Тяжело вздохнув, Флёр спрятала лицо на груди мужа, он крепко прижал её к себе, ласково поглаживая по спине. Артур беспомощно покачал головой, Гермиона, устало сжимая переносицу, направилась к лестнице.
— Какие черви, мама? Нам подарили червивый сыр? Мало того что вонючий и с плесенью… — Сверкая глазами в сторону Флёр, в кухню вбежала заметно порозовевшая Джинни. — С улицы слышно, как ты кричишь…
— Сыр нормальный, сестрёнка. А мама говорила о Малфоях. — Билл подхватил тарелки с закусками, подготовленными Флёр, и направился в столовую. — Пойдём, любовь моя, откупорим бутылку и попробуем, что там за «magnifique»[5] вручила нам твоя grand-mère[6].

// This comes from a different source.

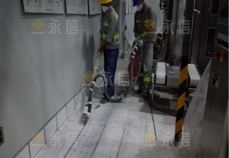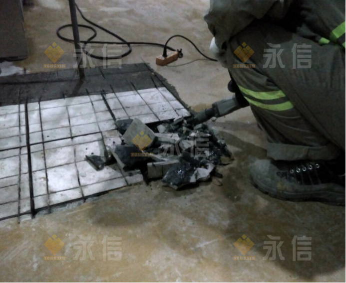 當(dāng)天,按照既定的施工計(jì)劃,現(xiàn)場(chǎng)的施工內(nèi)容是在人流通道區(qū)去除環(huán)氧以及基層處理、灌裝間破損、空鼓地磚破除聚合物修復(fù)及地磚錨固設(shè)置等。
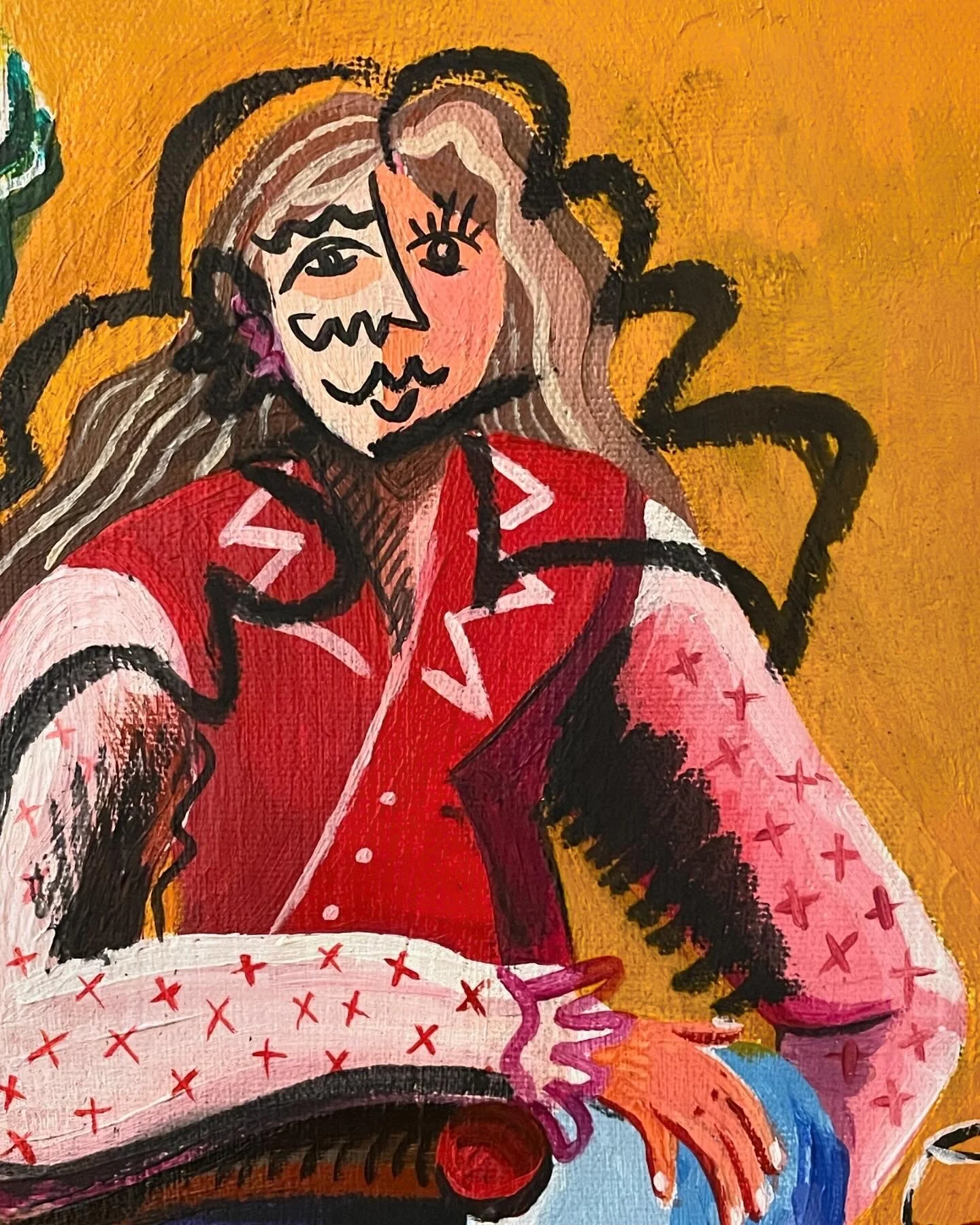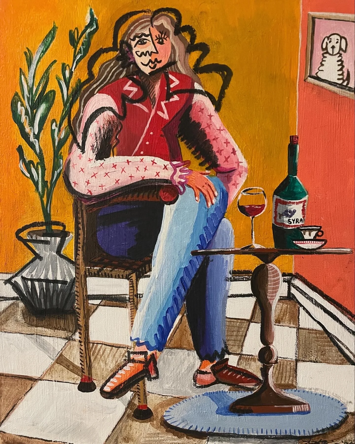Slide 1 Slide 1 (current slide) Slide 2 Slide 2 (current slide) Slide 3 Slide 3 (current slide) ACRYLIC PAINT AND CHARCOAL ON CANVAS _ 14"X11" hakata, fukuoka 2024 Sit Back, Sip That

— М-м-малфои? — Пролепетала Джинни. — Они тоже идут на бал в честь Победы?
— Мама считает, что они обязательно явятся. Младший уж точно будет, он теперь первый защитник всех магглов и магглорождённых. Долетают такие слухи из Министерства. — Артур с усилием взмахнул палочкой, и коляска сама покатила в столовую. — Смотреть тошно на это лицемерие.
[1] Merci (фр.) — спасибо.
[2]Bonsoir (фр.) — добрый вечер.
[3] Ma belle (фр.) — моя красавица.
[4] D'accord (фр.) — согласна, хорошо, ладно, договорились.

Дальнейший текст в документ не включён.